Saved data entries

________________________________________

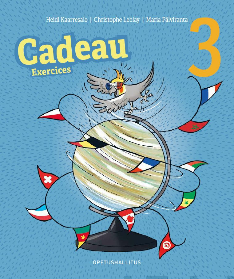 Cadeau 3 -harjoituskirja sisältää runsaasti erilaisia kuuntelu- ja tekstinymmärtämisharjoituksia. Kirja tukee oppilasta suullisen kielitaidon kehittämisessä ja harjoittaa kirjoittamista monipuolisesti. Toiminnallisuus on vahvasti mukana myös Cadeau 3 -harjoituskirjassa. Aiempien osien tapaan kielitietoasioita käsitellään kevennetysti ja kuvamuistia tukevien Chez Choco -sivujen avulla. Jokainen luku loppuu tuttuun tapaan itse- ja vertaisarviointisivuun. Harjoituskirjan lopussa on kooste kielitietoasioista, joita on käsitelty Cadeau 1 - ja 2 -oppikirjoissa. Tiedonhakua harjoitellaan systemaattisesti mielenkiintoisten aiheiden avulla. Sanastoa, kuullun ymmärtämistä, kirjoittamista ja kielitietoasioita voi harjoitella myös digiharjoitusten avulla niin yksin kotona kuin koko luokan kesken.
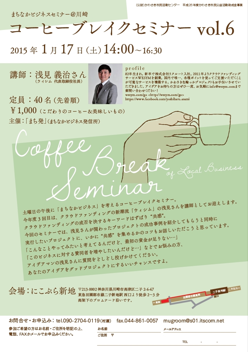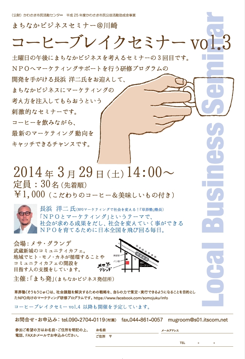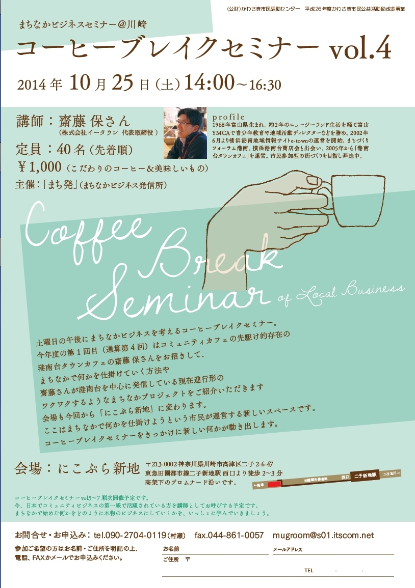 コーヒーブレイクセミナーVol.5 Tweet 関連チラシ: コーヒーブレイクセミナーVol.3 コーヒーブレイクセミナーVol.4 コーヒーブレイクセミナーVol.6 まめな人生通信No.26 まめな人生通信No.27
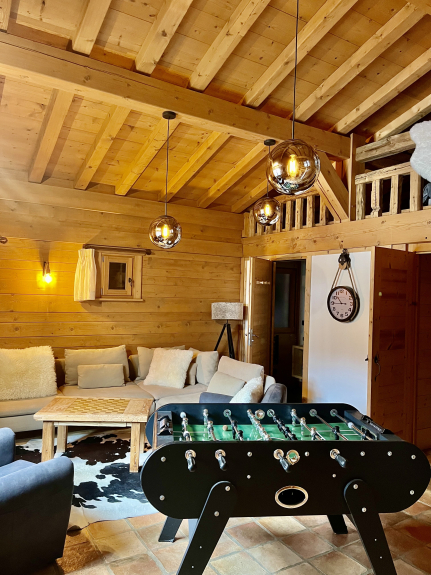 Un salon avec grand canapé coin TV et Baby Foot. Une seconde chambre en suite avec lit double et salle de bain attenante.
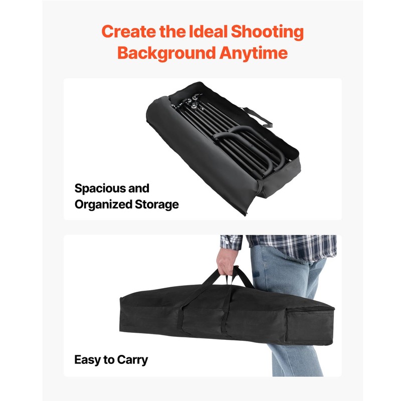 - Convenient Portability: The included carrying bag and spring-loaded pins ensure quick assembly and disassembly without the need for tools. It’s easy to transport, making it ideal for setting up backdrops on the go.
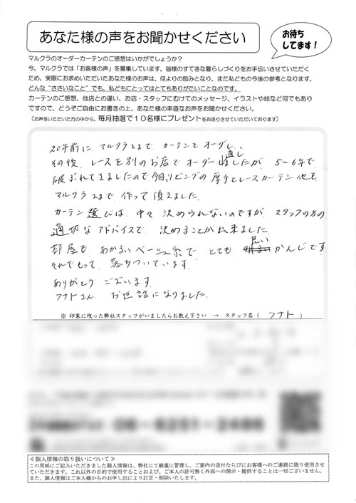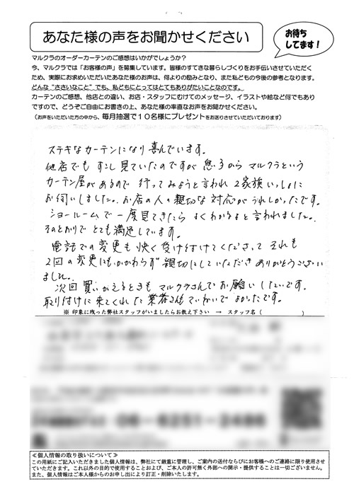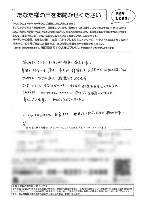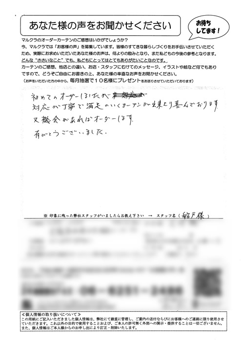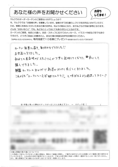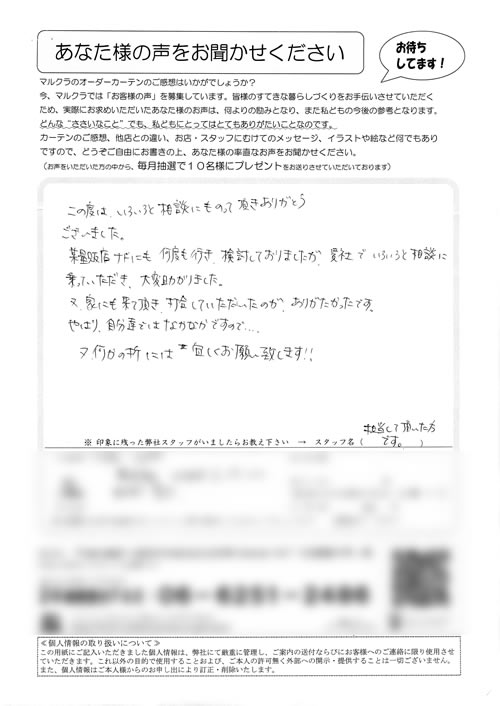 この度は、いろいろと相談にものって頂き、ありがとうございました。某量販店ナドにも何度も行き、検討しておりましたが、貴社でいろいろと相談に乗っていただき、大変助かりました。又、家にも来て頂き、打合せしていただいたのが、ありがたかったです。やは...

________________________________________

Exercise brief ▸ Reproduce, with no pictures, the lines from the one containing "- Convenient Portability: The" to the end of the records above, exactly and inclusively.

Exercise solution ▸
 - Convenient Portability: The included carrying bag and spring-loaded pins ensure quick assembly and disassembly without the need for tools. It’s easy to transport, making it ideal for setting up backdrops on the go.
 この度は、いろいろと相談にものって頂き、ありがとうございました。某量販店ナドにも何度も行き、検討しておりましたが、貴社でいろいろと相談に乗っていただき、大変助かりました。又、家にも来て頂き、打合せしていただいたのが、ありがたかったです。やは...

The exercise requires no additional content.